Today we have looked at a specific type of newspaper called Broadsheets and noted the features that tie in with it by looking at other newspapers. We also looked at the types of newspapers that fall into this category, and wrote up our own 200 word broadsheet article based on my researched topic (the refugee crisis) whilst using another broadsheet article as inspiration with sources.
Firstly, we looked at what broadsheets look like and what features they have that make them a Broadsheet newspaper. For example, they are very intellectual with their content, they are the kind of newspaper that are very analytical and in-depth with their news and are also physically larger than any other newspaper (hence the name ‘broadsheet’).
Week 10- 200 word news story based on my researched topic (refugees) in the style of a broadsheet report.
Broadsheet style: (Example- the Independent)
In response to the increasing number of refugees fleeing the Syrian war in search of safety, PM David Cameron will grant this to them by allowing 20,000 Syrian refugees into the UK by the year 2020. This number of Syrians will present many concerns for the UK population, those awaiting access to a safer life and the government: funding, health, housing and employment. A recent survey has shown that 55% of people believe the government will struggle to provide funding for all 20,000 refugees.

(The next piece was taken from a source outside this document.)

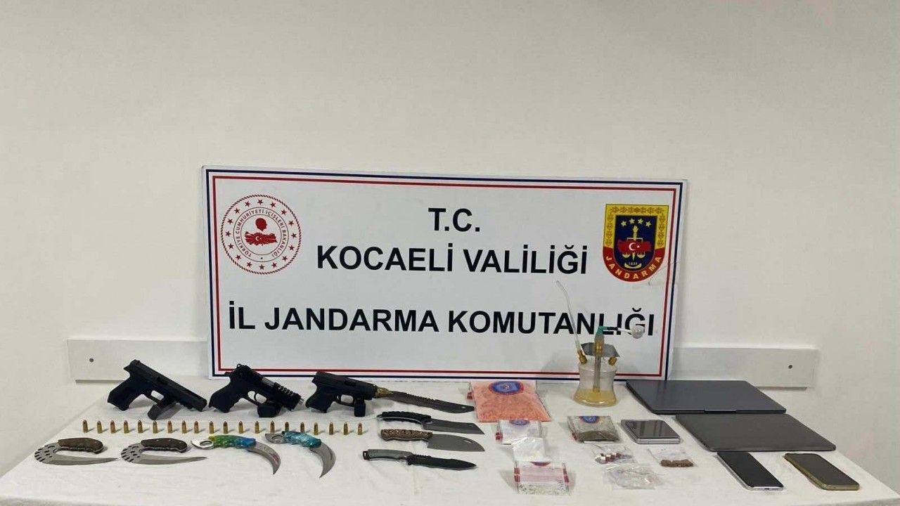 Kocaeli’nin Dilovası ilçesinde jandarma ekiplerinin bir şüphelinin ikametinde yaptığı aramada 800 uyuşturucu hap, 3 ruhsatsız tabanca ve 8 bıçak ele geçirildi.

The attacks led by ISIS in Paris on the 13th November revealed one of the attackers was disguised as a refugee along with eight of nine other attackers all found with European passports. This attack is believed to have ‘changed Paris forever’ but so was the Nazi Germany collaboration in 1940. But due to the lives of 128 people taken during the attacks, it is clear that there’s no comparison between them.
Decisions are yet to be made whether or not this will affect the refugees’ future but the recent terrorist attack in Paris is definitely making the government consider what options they have left to tackle ISIS but to also provide support for the refugees.
Next, I looked up different brands of broadsheet newspapers and made comparisons against them. I have noted: their layout styles, political orientation and content.
This broadsheet is an interesting one; This newspaper comes from a broadsheet called the independent. It ‘s basically a whittled down version of the Independent and is aimed at a younger target audience.
In terms of the layout, it is almost a tabloid in relation to the colours used. However, it looks very formal and professional with the way the headlines, pictures and briefings are positioned. They ae very clear to see and work out which feature is what.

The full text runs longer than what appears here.